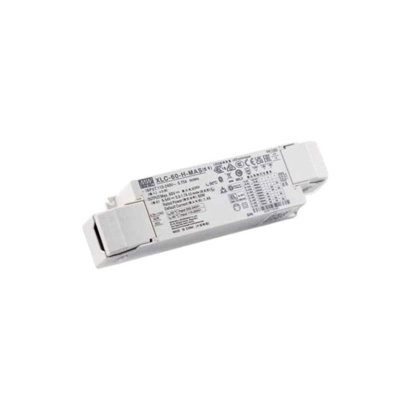 Серия XLC-60 представляет собой светодиодный драйвер мощностью 60 Вт с постоянной мощностью и постоянным выходным напряжением. Он может работать от напряжения 110–305 В переменного тока и выходного тока в диапазоне от 900 мА до 1700 мА, выбираемого с помощью DIP-переключателя или настройки NFC.
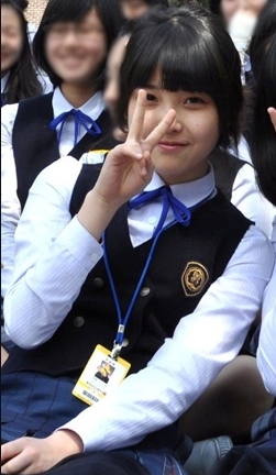 사진 속 아이유는 교복을 입고 브이포즈를 한 채 카메라를 응시하고 있다.
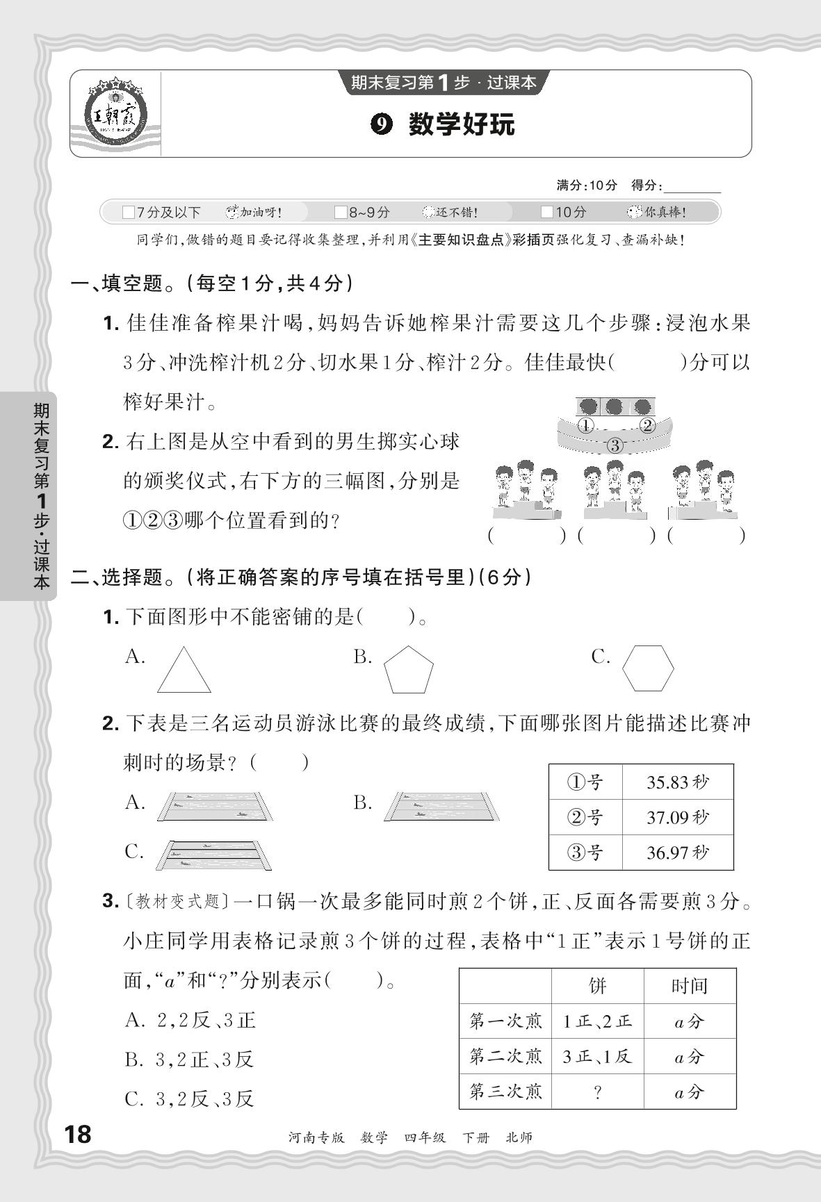 2024春下册四年级数学北师版 期末过课本河南版·数学好玩
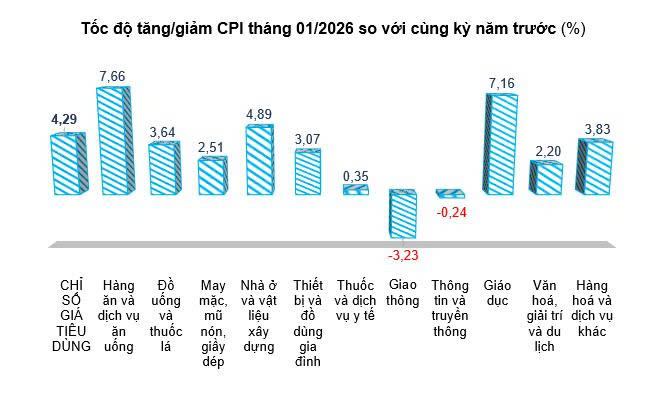 * Các nguyên nhân làm giảm CPI trong tháng: Giá hàng ăn và dịch vụ ăn uống giảm 0,33% so với tháng trước, do đang vào thời điểm thu hoạch, nguồn cung các mặt hàng gạo; rau tươi dồi dào nên giá lương thực, thực phẩm giảm so với tháng trước. Giá xăng, dầu trong nước được điều chỉnh vào các ngày 08, 15 và 22 tháng 01/2026, tính bình quân chung tháng 01/2026 chỉ số giá mặt hàng nhiên liệu giảm 5,06% so với tháng trước.
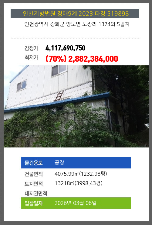 사건번호 2023 타경 519898 본건은 인천광역시 강화군 양도면 도장리 1374외 5필지소재하는 공장경매 물건의 포스팅입니다. 건물면적 [ 4075.99㎡ (1232.98평) ]토지면적 [ 13218㎡ (3998.43평) ] 시세를 반영한
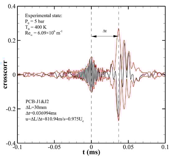 Figure 15, Figure 16 and Figure 17 show, respectively, the PSD results measured along D, E, and F sensor rays on the fin-off side of the cone. The phenomena observed along the three rays are relatively similar. When Rn = 0.06 mm, Rn = 0.56 mm, and Rn = 1.125 mm, the instability waves and their development process along the downstream direction can be observed very clearly. As the flow develops downstream, the amplitude of the instability waves generally shows an increasing trend; meanwhile, as the boundary layer thickens, its peak frequency decreases significantly, which is consistent with the characteristics of typical second-mode instability. Cross-correlation analysis was performed on the signals from adjacent sensors PCB D1 and D2 to obtain the propagation velocity of the instability waves, Rn = 0.56 mm taken as the representative case. The distance between the two sensors is = 22.5 mm. As shown in Figure 18, the cross-correlation peak yields a time lag = 0.02916 ms. The velocity at the outer edge of the boundary layer is to be about Ue = 831.68 m/s. The computed propagation speed is u = 771.6 m/s, approximately 92.8% of Ue. This value lies within the theoretical slow-mode phase-velocity range of the second mode, [], providing further confirmation that the observed instability waves are second-mode waves. The central frequency of these instability waves ranges from 100 to 200 kHz. As the nose radius increases, the amplitude of the instability waves at the same PCB location decreases significantly, and their onset is also delayed. When the nose radius increases to Rn = 2.34 mm, the instability waves have barely developed; only a weak peak appears at PCB F2 and F3.
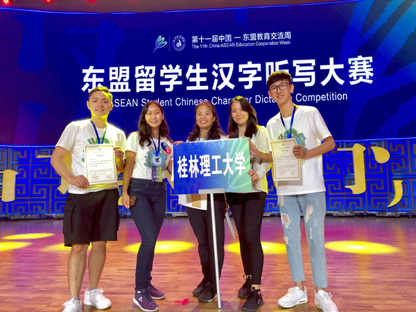 此次汉字听写大赛是以“教育合作新起点,人文交流新未来”为主题思想的第十一届中国—东盟教育交流周的主题活动之一。全国共有15所高校的60名留学生参加了此次大赛,他们分别来自越南、柬埔寨、马来西亚、老挝、印度尼西亚和韩国、哈萨克等东盟和“一带一路”沿线国家。经过激烈比拼,beat365留学生队凭借沉着冷静的发挥,出众的实力,一路过关斩将,最终摘得桂冠。带队老师李彩云获得优秀指导教师奖。
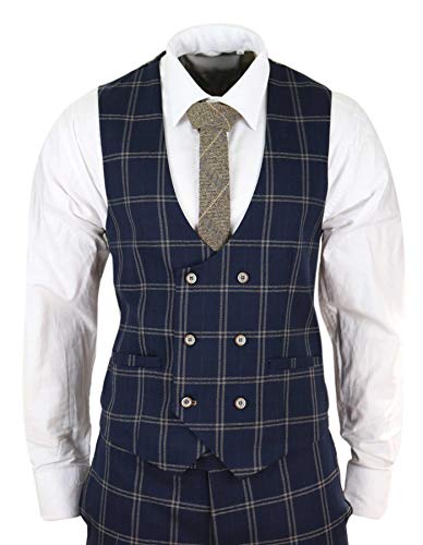 House Of Cavani Abito Uomo 3 Pezzi Principe di Galles a Scacchi con Gilet a Doppio Petto Vintage - Marineblau 52UK, 62IT Giacca - 46" Pantaloni
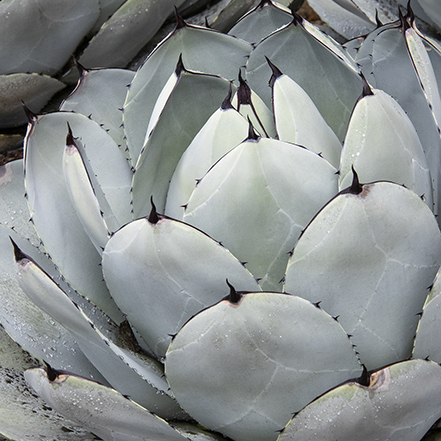 This photo captures the variety of plants in this garden - which is more than I would typically choose and to create cohesion, I leaned on a repetition of foliage color and form to quiet the wild array as well as repeating a few key plants in the garden.  I also mixed in ornamental grasses and other soft-looking plants as a counterpoint to the hardscape and sculptural succulent and agave forms. Â

--

=== TASK ===
Your reply should be the entries copied exactly, with all images omitted.

=== RESULT FOR THIS EXERCISE ===
 Серия XLC-60 представляет собой светодиодный драйвер мощностью 60 Вт с постоянной мощностью и постоянным выходным напряжением. Он может работать от напряжения 110–305 В переменного тока и выходного тока в диапазоне от 900 мА до 1700 мА, выбираемого с помощью DIP-переключателя или настройки NFC.
 사진 속 아이유는 교복을 입고 브이포즈를 한 채 카메라를 응시하고 있다.
 2024春下册四年级数学北师版 期末过课本河南版·数学好玩
 * Các nguyên nhân làm giảm CPI trong tháng: Giá hàng ăn và dịch vụ ăn uống giảm 0,33% so với tháng trước, do đang vào thời điểm thu hoạch, nguồn cung các mặt hàng gạo; rau tươi dồi dào nên giá lương thực, thực phẩm giảm so với tháng trước. Giá xăng, dầu trong nước được điều chỉnh vào các ngày 08, 15 và 22 tháng 01/2026, tính bình quân chung tháng 01/2026 chỉ số giá mặt hàng nhiên liệu giảm 5,06% so với tháng trước.
 사건번호 2023 타경 519898 본건은 인천광역시 강화군 양도면 도장리 1374외 5필지소재하는 공장경매 물건의 포스팅입니다. 건물면적 [ 4075.99㎡ (1232.98평) ]토지면적 [ 13218㎡ (3998.43평) ] 시세를 반영한
 Figure 15, Figure 16 and Figure 17 show, respectively, the PSD results measured along D, E, and F sensor rays on the fin-off side of the cone. The phenomena observed along the three rays are relatively similar. When Rn = 0.06 mm, Rn = 0.56 mm, and Rn = 1.125 mm, the instability waves and their development process along the downstream direction can be observed very clearly. As the flow develops downstream, the amplitude of the instability waves generally shows an increasing trend; meanwhile, as the boundary layer thickens, its peak frequency decreases significantly, which is consistent with the characteristics of typical second-mode instability. Cross-correlation analysis was performed on the signals from adjacent sensors PCB D1 and D2 to obtain the propagation velocity of the instability waves, Rn = 0.56 mm taken as the representative case. The distance between the two sensors is = 22.5 mm. As shown in Figure 18, the cross-correlation peak yields a time lag = 0.02916 ms. The velocity at the outer edge of the boundary layer is to be about Ue = 831.68 m/s. The computed propagation speed is u = 771.6 m/s, approximately 92.8% of Ue. This value lies within the theoretical slow-mode phase-velocity range of the second mode, [], providing further confirmation that the observed instability waves are second-mode waves. The central frequency of these instability waves ranges from 100 to 200 kHz. As the nose radius increases, the amplitude of the instability waves at the same PCB location decreases significantly, and their onset is also delayed. When the nose radius increases to Rn = 2.34 mm, the instability waves have barely developed; only a weak peak appears at PCB F2 and F3.
 此次汉字听写大赛是以“教育合作新起点,人文交流新未来”为主题思想的第十一届中国—东盟教育交流周的主题活动之一。全国共有15所高校的60名留学生参加了此次大赛,他们分别来自越南、柬埔寨、马来西亚、老挝、印度尼西亚和韩国、哈萨克等东盟和“一带一路”沿线国家。经过激烈比拼,beat365留学生队凭借沉着冷静的发挥,出众的实力,一路过关斩将,最终摘得桂冠。带队老师李彩云获得优秀指导教师奖。
 House Of Cavani Abito Uomo 3 Pezzi Principe di Galles a Scacchi con Gilet a Doppio Petto Vintage - Marineblau 52UK, 62IT Giacca - 46" Pantaloni
 This photo captures the variety of plants in this garden - which is more than I would typically choose and to create cohesion, I leaned on a repetition of foliage color and form to quiet the wild array as well as repeating a few key plants in the garden.  I also mixed in ornamental grasses and other soft-looking plants as a counterpoint to the hardscape and sculptural succulent and agave forms. Â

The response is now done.